Emotional Decision-Making Takes Over
When you see red numbers flashing on your screen, something primal happens. Fear and panic don’t knock politely at the door of your rational mind—they kick it down. Suddenly, your carefully planned strategy goes out the window. You might exit a winning trade too early because you’re terrified of giving back profits, or you’ll hold a losing position far too long, hoping it will magically reverse.
The opposite is equally dangerous. When you’re up big, that rush of euphoria can make you feel invincible. You start taking bigger positions, ignoring your risk parameters, convinced that you’ve finally “figured it out.” Both extremes—fear and overconfidence—are enemies of consistent profitability.
“we feel losses about twice as intensely as we feel gains”
Behavioral economics has shown us something crucial: we feel losses about twice as intensely as we feel gains. This isn’t just a trading quirk; it’s hardwired into human psychology. When you constantly watch your P&L, you’re essentially amplifying this asymmetry. A $500 loss creates more psychological pain than the pleasure from a $500 gain, creating an emotional rollercoaster that clouds your judgment.
This becomes particularly destructive over the course of a trading day.
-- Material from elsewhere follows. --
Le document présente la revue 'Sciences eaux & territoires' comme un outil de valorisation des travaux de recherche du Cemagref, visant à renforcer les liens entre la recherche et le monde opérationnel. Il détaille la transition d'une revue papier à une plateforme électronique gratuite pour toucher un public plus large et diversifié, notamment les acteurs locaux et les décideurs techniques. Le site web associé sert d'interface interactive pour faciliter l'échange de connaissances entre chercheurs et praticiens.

You might have five small wins and one larger loss, ending net positive, but because you felt that loss so acutely in the moment, you walk away feeling like you had a terrible day.
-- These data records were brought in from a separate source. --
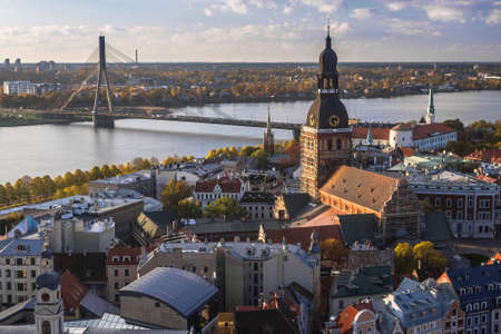 Autumn view of the city of Riga at sunset. View from the city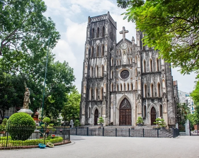 Gegenüber der Alten Post liegt die berühmte, im den Jahren 1863 bis 1880 gebaute Kathedrale Notre Dame. Mit ihren charakteristischen roten Ziegeln und hohen Turmspitzen ist sie ein beeindruckendes Zeugnis der französischen Kolonialzeit.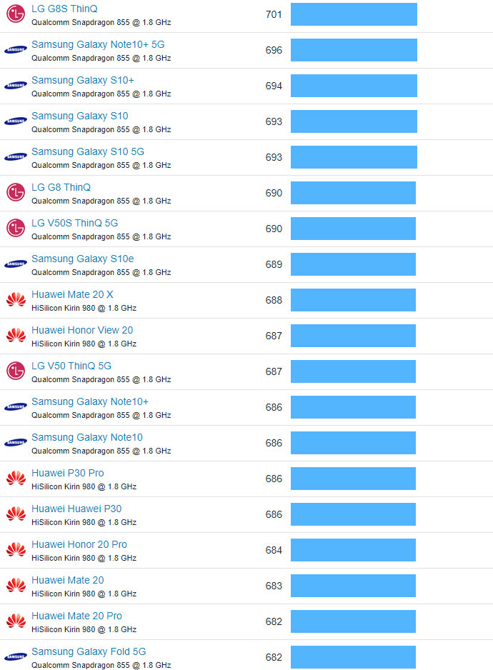 | 55 | LG G8S ThinQ | Qualcomm Snapdragon 855 @ 1.8 GHz | 701 |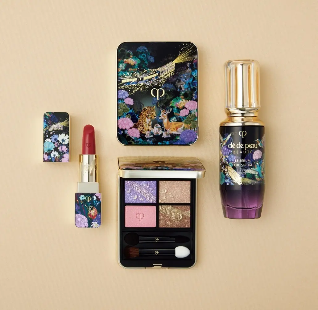 クレ・ド・ポー ボーテのホリデーコレクションは、パリ在住のアーティスト、ステファン・キエルとのコラボレーション。金色に輝く列車で夜空を旅する中、不思議な動物たちと出会うという、夢の世界を描いたもの。美容液に描かれたハチドリは、旺盛な好奇心やポジティブな姿勢を象徴。肌を健やかに保ち、若々しい印象へ導くル・セラムⅡのポテンシャルを想起させる。4色アイカラーのヒョウとアンテロープや、ルージュのてんとう虫にも意味があり、メイクがもたらす前向きな力を思わせる。冬の夜、クレ・ド・ポー ボーテのコスメで幻想的な夢の世界へ旅に出よう。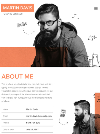 Are you looking for a template for your online CV or portfolio? This design is made for you. Just add your skills, experience and examples of your work and your brand new website is ready.

Short-Term Noise Drowns Out Your Strategy
If you have a sound trading strategy with a genuine edge, that edge typically plays out over weeks, months, or even years—not minutes or hours. Intraday fluctuations are mostly random noise. The problem is that when you watch every tick, that noise feels significant. Every dip looks like the start of a collapse; every rally looks like a rocket ship you might miss.
This constant stimulation creates an irresistible urge to “do something.” And in trading, doing something at the wrong time is usually worse than doing nothing at all. You end up making impulsive decisions.
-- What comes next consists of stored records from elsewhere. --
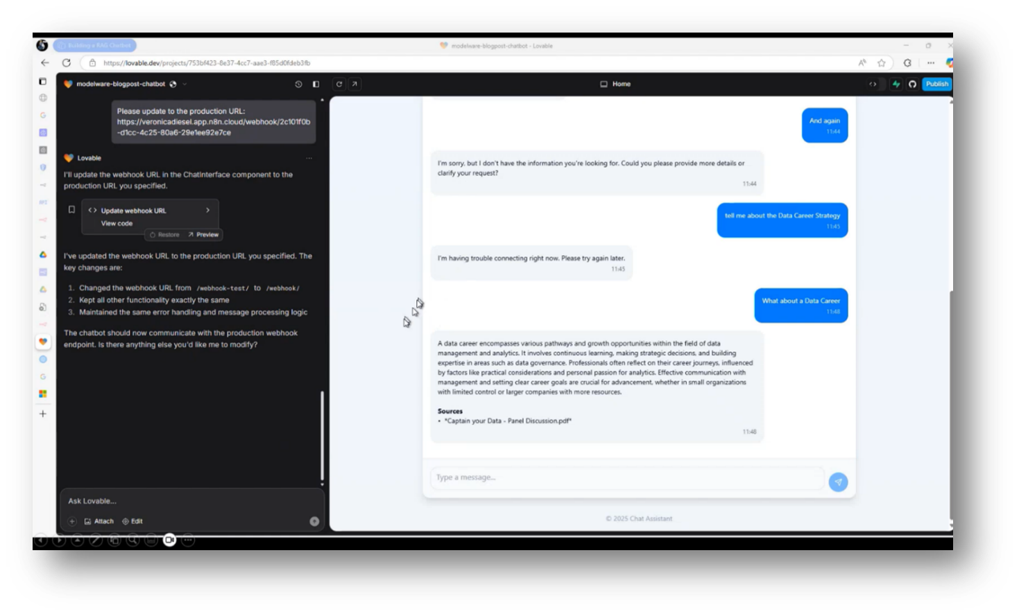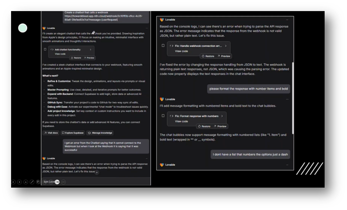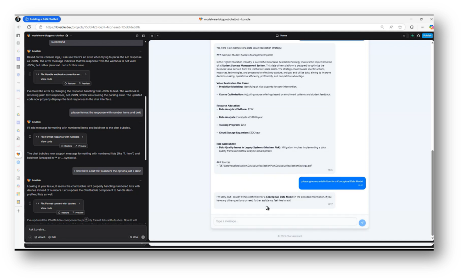 The process of building a chatbot involved simply asking it to create the code, which it successfully provided, followed by debugging assistance when issues arose. Howard specifically instructed the Chatbot to format responses with numbered items and in bold, enhancing clarity and usability. He also integrated the webinars into a searchable database, where users can ask questions about topics such as data careers and receive direct responses.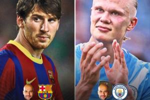 梅西在瓜迪奧拉執教下,在西甲聯賽136場138球55助;哈蘭德在瓜帥執教下,104場英超94球17助。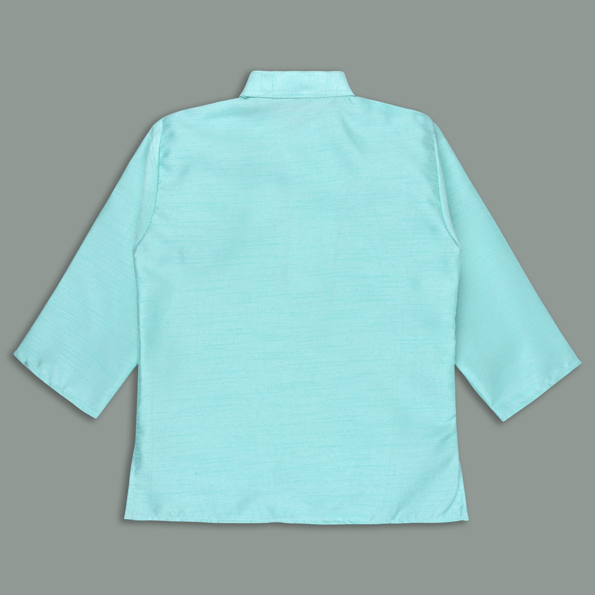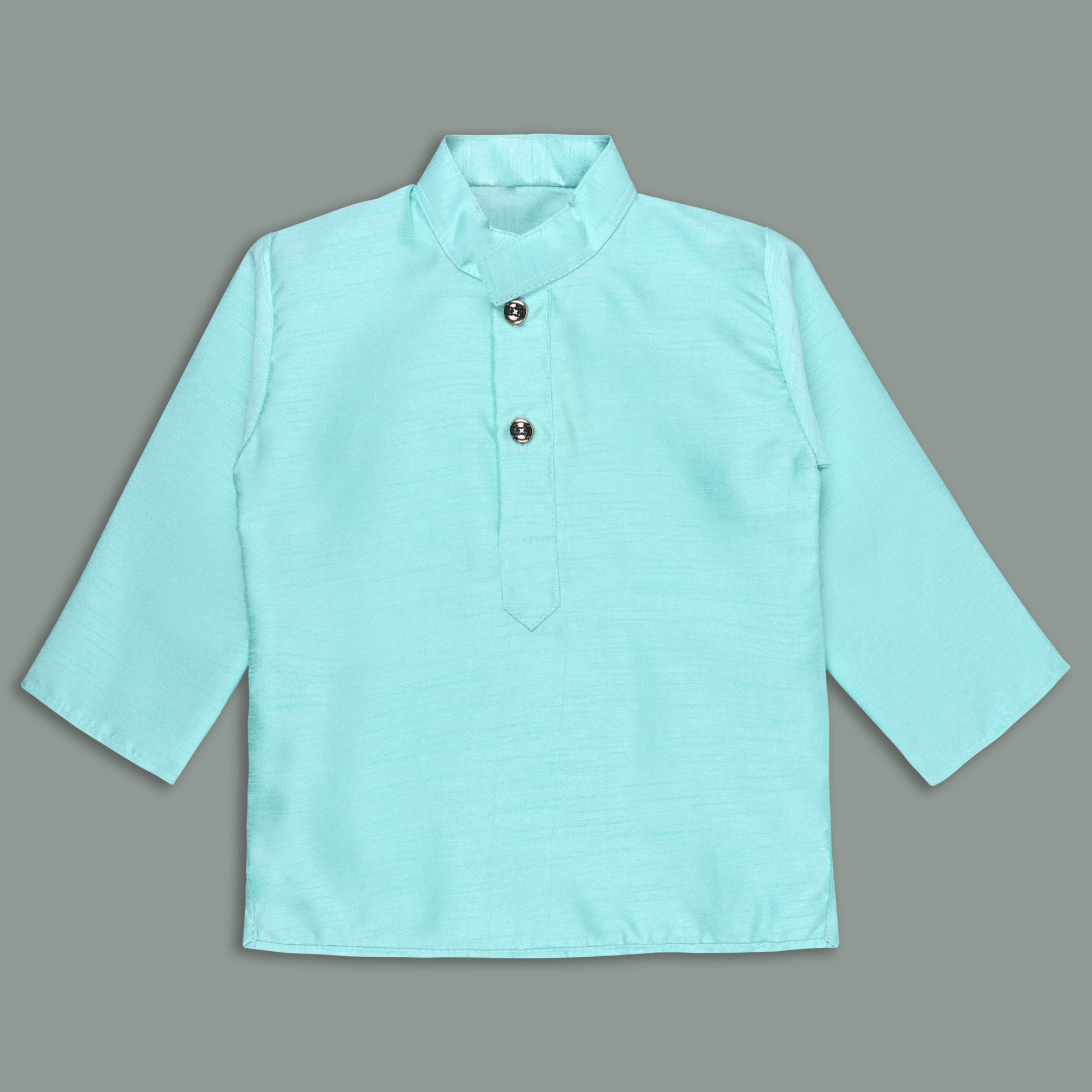 Dress your little one in elegant traditional style with this Aqua Blue Art Silk Dhoti & Kurta Set. Crafted from premium art silk fabric, this outfit offers a soft, smooth feel with a subtle festive sheen. The kurta features a mandarin collar and button placket, paired with a matching dhoti enhanced with a golden zari border for a royal touch.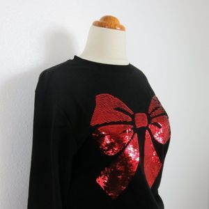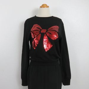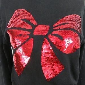 Christmas Bow Sweater Sweatshirt - Black - Sequins - Small - NEW - Holiday Gift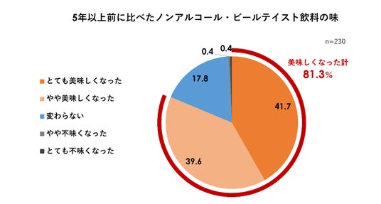 直近1年以内にノンアルコール・ビールテイスト飲料を飲んだことがあり、かつ5年以上前にもノンアルコール・ビールテイスト飲料を飲んだことがある人(230名)に、昔飲んだノンアルコール・ビールテイスト飲料と比べた最近のノンアルコール・ビールテイスト飲料の味を尋ねました。その結果、「とても美味しくなった」(41.7%)と「やや美味しくなった」(39.6%)と答えた人を合わせた「美味しくなった」計では8割を超える結果になりました。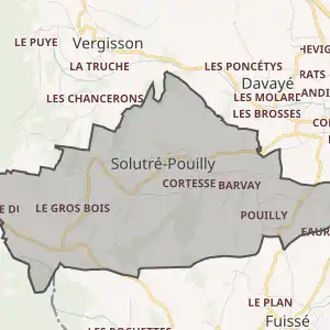 - Розташування муніципалітету Солютре-Пуї на мапі Франції та сусідні муніципалітети

Watching P&L Causes Stress and Overtrading
Constant monitoring is mentally exhausting. That exhaustion leads to what psychologists call “decision fatigue,” where the quality of your decisions deteriorates throughout the day, because you’re making decisions from a depleted mental state.
Overtrading is particularly insidious because it feels productive. You’re doing something, taking action, staying engaged. But in reality, you’re often just generating costs while decreasing your returns. Most successful traders know that sometimes the best trade is the one you don’t make.
Conclusion
Your P&L is a scoreboard, not a dashboard. It tells you where you’ve been, not where you should go next.
The most successful traders share a common trait: they focus relentlessly on their process and let the results take care of themselves. They know their edge, they trust their system, and they execute with discipline. When you’re constantly watching your P&L, you’re letting outcomes dictate your behavior rather than letting your process generate outcomes.